What is needed - Write out only the lines from the top of the listing below through the one with "Highland tent, apart", exactly as they stand, while keeping pictures out of the copy.

Records supplied -
_ _ _ _ _

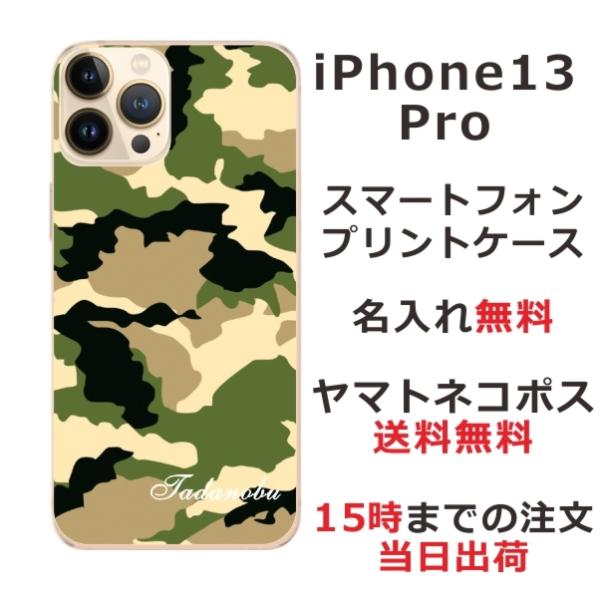 iPhone13 Pro アイフォン13プロ らふら 名入れ スマホケース 迷彩 グリーン
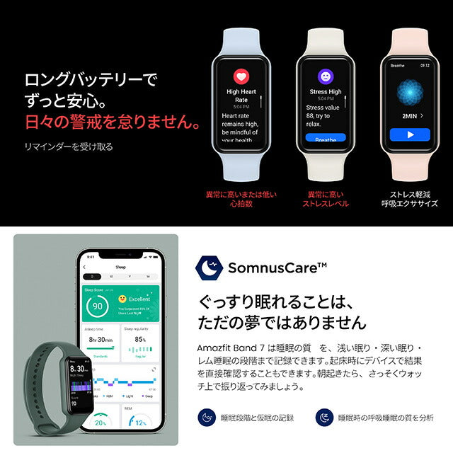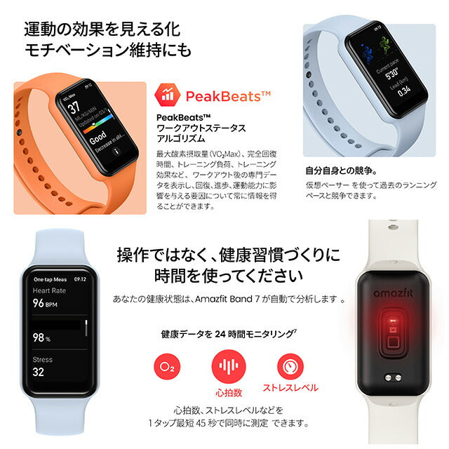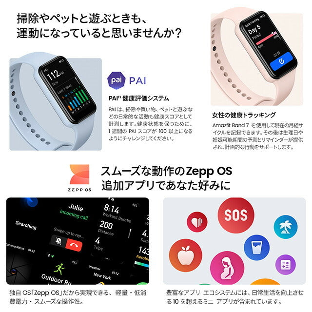 正規品 アマズフィット Band 7 Bluetooth 充電式クオーツ ユニセックス メンズ レディース スマートウォッチ SP170049-C01 Amazfit Band 7 デジタル ブラック 黒 ◆Amazfit(アマズフィット)は、2015年に設立、アメリカ・ドイツ・フランスなど世界90ヵ国以上で販売されているスマートウォッチブランドです。スポーツや健康に関する充実の機能をもつスマートハードウェアをリーズナブルに提供し、デイリーユースからアウトドアスポーツユースまで幅広いニーズに応えるブランドです。 数あるスマートバンドの中で、最高水準のロングバッテリーを実現。これまでの懸念だった画面の見にくさも、鮮明な大型ディスプレイで解決しています。Amazfit Band 7は、Amazon Alexaの日本語に対応しています。また、現在の月経サイクルを記録できるので、生理日や妊娠可能期間の予測と炉マインダーが提供され、計画的な活動をサポートします。男女問わずお使いいただけ、色違いで友達や家族ともお楽しみいただけます。 Xiaomi シャオミ
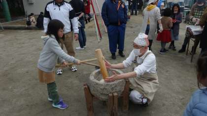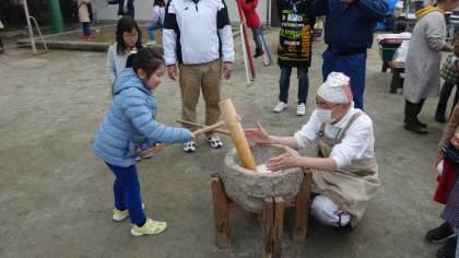 地域の方々におせわになり,本校の運動場でもちつき大会があり,たくさんの人でにぎわいました。子どもたちも実際にもちつきをさせてもらい,楽しいひと時を過ごすことができました。
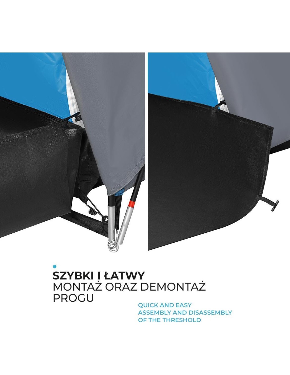 Highland tent, apart from two three-person bedrooms offers also a large vestibule with a floor with dimensions of 210cm long x 210cm wide x 200cm high, thanks to which being inside one can freely spend evenings or rainy days and store camping equipment or backpacks and boots for the night.
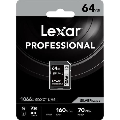 Diseñada para cámaras sin espejo y DSLR, la tarjeta de memoria SDXC UHS-I profesional 1066x de 64 GB de Lexar le permite capturar y transferir rápidamente fotos de alta calidad, incluidos videos Full HD y UHD 4K con velocidades de lectura de hasta 160 MB/s y velocidades de escritura de hasta 70 MB/s. Todo esto le permite acelerar drásticamente su flujo de trabajo. Esta tarjeta también se ha construido con una capacidad de 64 GB y la clasificación de clase de velocidad de video V30, que garantiza velocidades mínimas de escritura de al menos 30 MB/s. Para ayudar a aumentar la durabilidad, Lexar hizo que esta tarjeta fuera resistente al agua, los golpes, las vibraciones, los rayos X y las temperaturas extremas. Un interruptor de protección contra escritura incorporado ayudará a proteger sus datos de borrados accidentales.
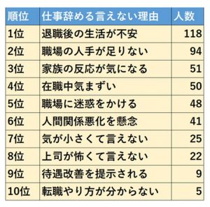 • 仕事辞めたいけど言えない…300名が選ぶ理由2位「職場の人手が足りない」じゃあ1位は?
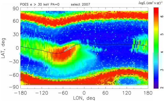 Map of maximum electron fluxes with energies >30 keV in geographic coordinates according to five NOAA/POES satellite measurements at an altitude of 850 km for one-year interval. The intensity I is presented in a color logarithmic scale. The magnetic equator is shown as a black curve. The projection of the outer ERB looks like bands at high latitudes (>50°) with intense electron fluxes. The projection of the inner ERB looks like a large spot in the SAA region at low latitudes in the sector of longitudes from −100° to 0°. The forbidden zone is located near the equator outside the SAA region, namely, it is an area of weak electron fluxes (colors from blue to yellow) in the range of latitudes from 40° S to 40° N and longitudes from 0° to 180° E and from 100° W to 180° W.
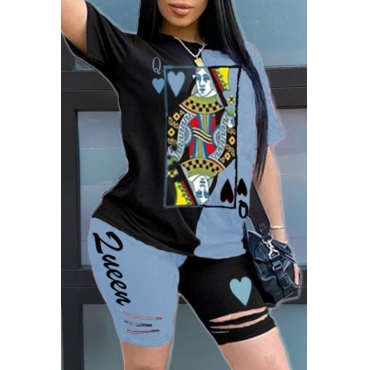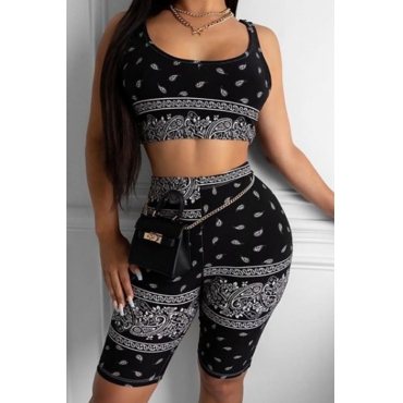 Lovely Casual Print Patchwork Carbon Black Two-piece Shorts Set
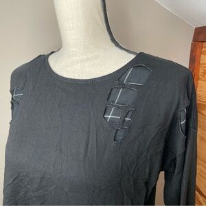 Generation Love Black Ripped Cutout Plaid Wool Silk Blend Sweater Extra Small
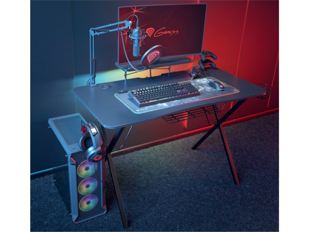 Genesis Holm 300 RGB je jedinečný stůl určený pro hráče her, který je vybaven množstvím dodatečných funkcí a praktických držáků, díky čemuž budete mít vaše příslušenství vždy po ruce. Navíc stůl obsahuje RGB podsvícení, které dává najevo, že se jedná o koutek skutečného hráče!
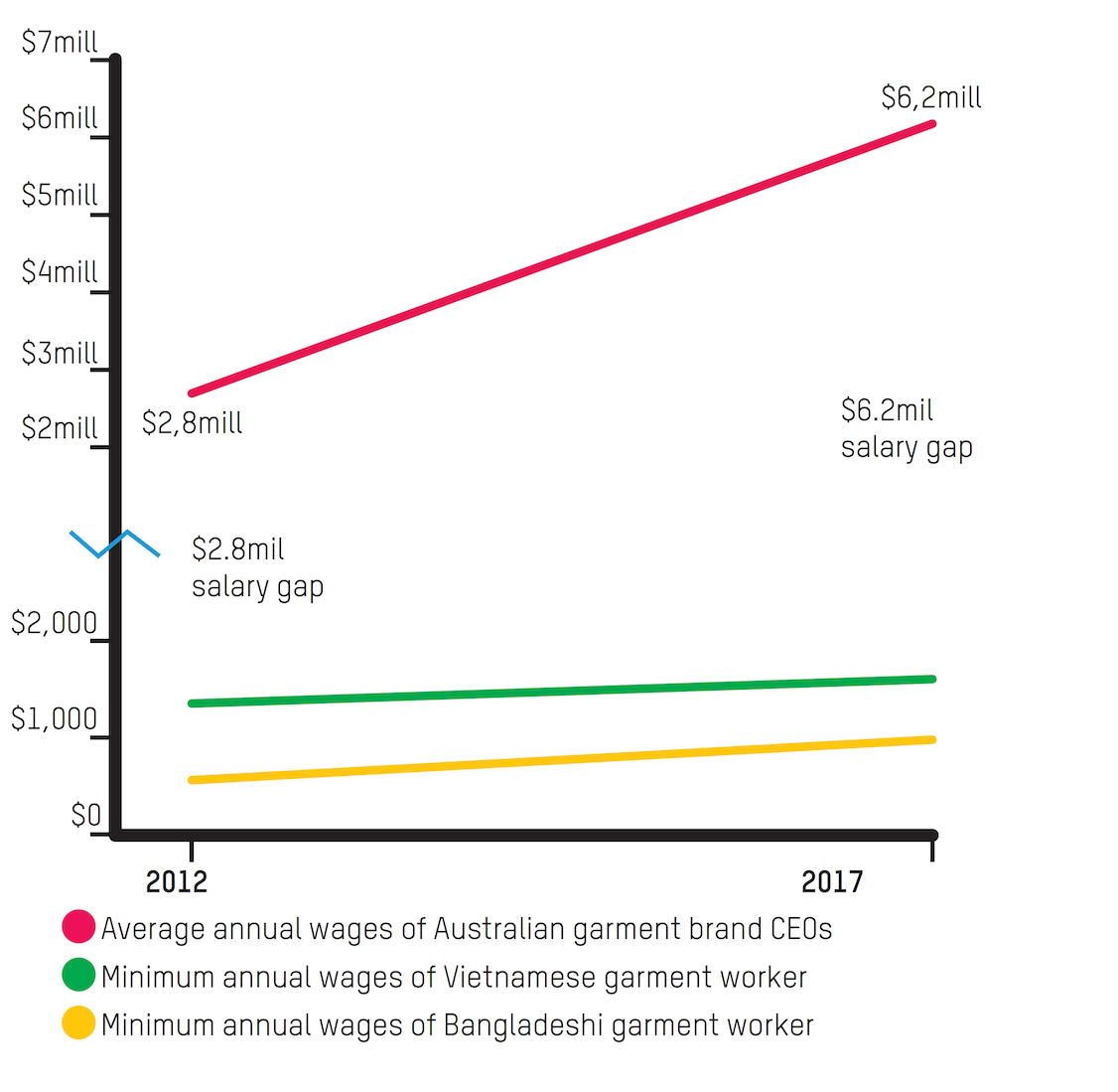 Figure B: Salary gap between Australian CEOs and Bangladeshi garment workers
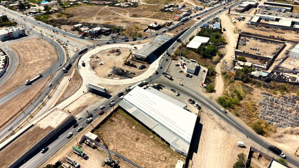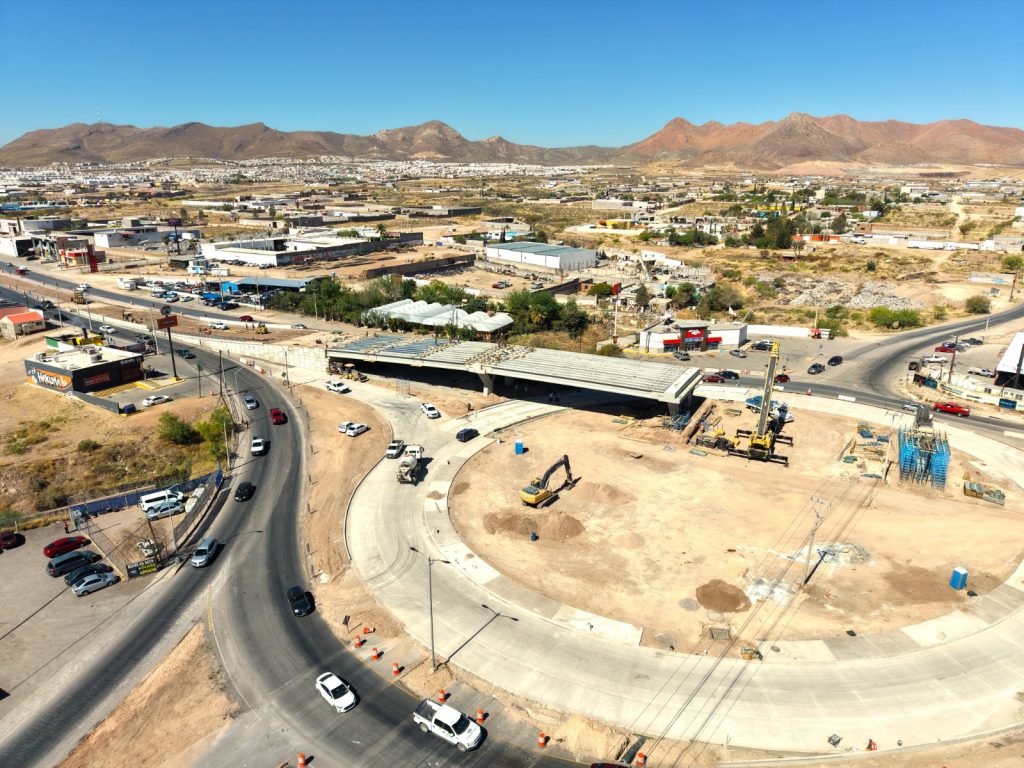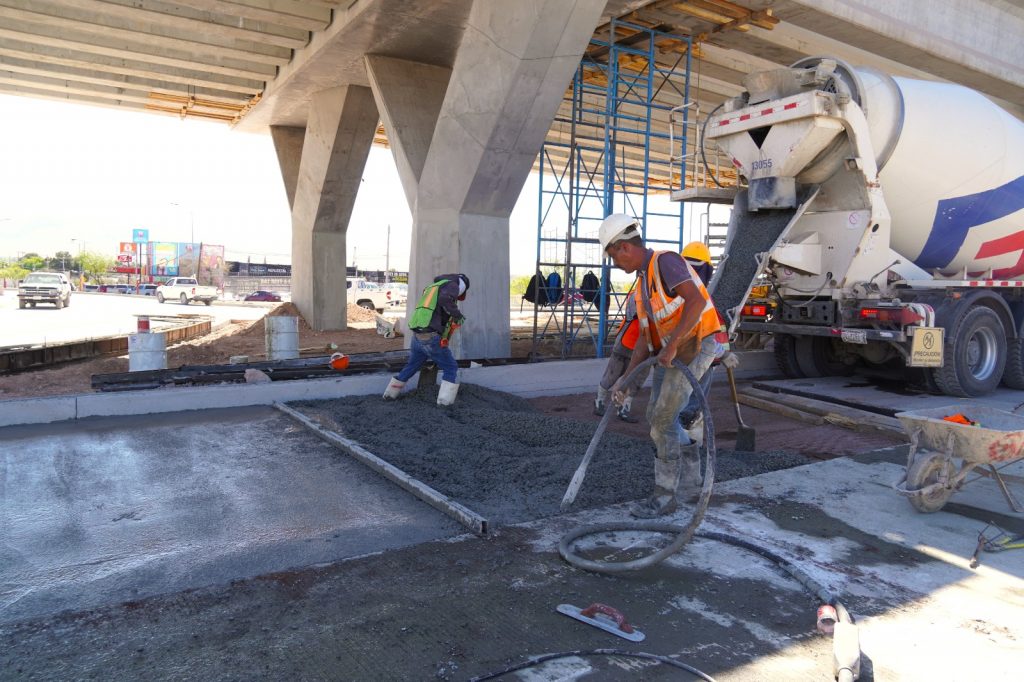 Como parte del plan estratégico de construcción, las cuadrillas de trabajo atienden diversos frentes de obra en las rampas de acceso, donde se realizan labores como el colado de parapeto, el tendido de base en el camellón del lado Chihuahua, además de la construcción de la caja captadora de agua pluvial, así como trabajos de colado en la glorieta, incluyendo la formación de guarniciones y banquetas.

_ _ _ _ _

Solved exercise -
 iPhone13 Pro アイフォン13プロ らふら 名入れ スマホケース 迷彩 グリーン
 正規品 アマズフィット Band 7 Bluetooth 充電式クオーツ ユニセックス メンズ レディース スマートウォッチ SP170049-C01 Amazfit Band 7 デジタル ブラック 黒 ◆Amazfit(アマズフィット)は、2015年に設立、アメリカ・ドイツ・フランスなど世界90ヵ国以上で販売されているスマートウォッチブランドです。スポーツや健康に関する充実の機能をもつスマートハードウェアをリーズナブルに提供し、デイリーユースからアウトドアスポーツユースまで幅広いニーズに応えるブランドです。 数あるスマートバンドの中で、最高水準のロングバッテリーを実現。これまでの懸念だった画面の見にくさも、鮮明な大型ディスプレイで解決しています。Amazfit Band 7は、Amazon Alexaの日本語に対応しています。また、現在の月経サイクルを記録できるので、生理日や妊娠可能期間の予測と炉マインダーが提供され、計画的な活動をサポートします。男女問わずお使いいただけ、色違いで友達や家族ともお楽しみいただけます。 Xiaomi シャオミ
 地域の方々におせわになり,本校の運動場でもちつき大会があり,たくさんの人でにぎわいました。子どもたちも実際にもちつきをさせてもらい,楽しいひと時を過ごすことができました。
 Highland tent, apart from two three-person bedrooms offers also a large vestibule with a floor with dimensions of 210cm long x 210cm wide x 200cm high, thanks to which being inside one can freely spend evenings or rainy days and store camping equipment or backpacks and boots for the night.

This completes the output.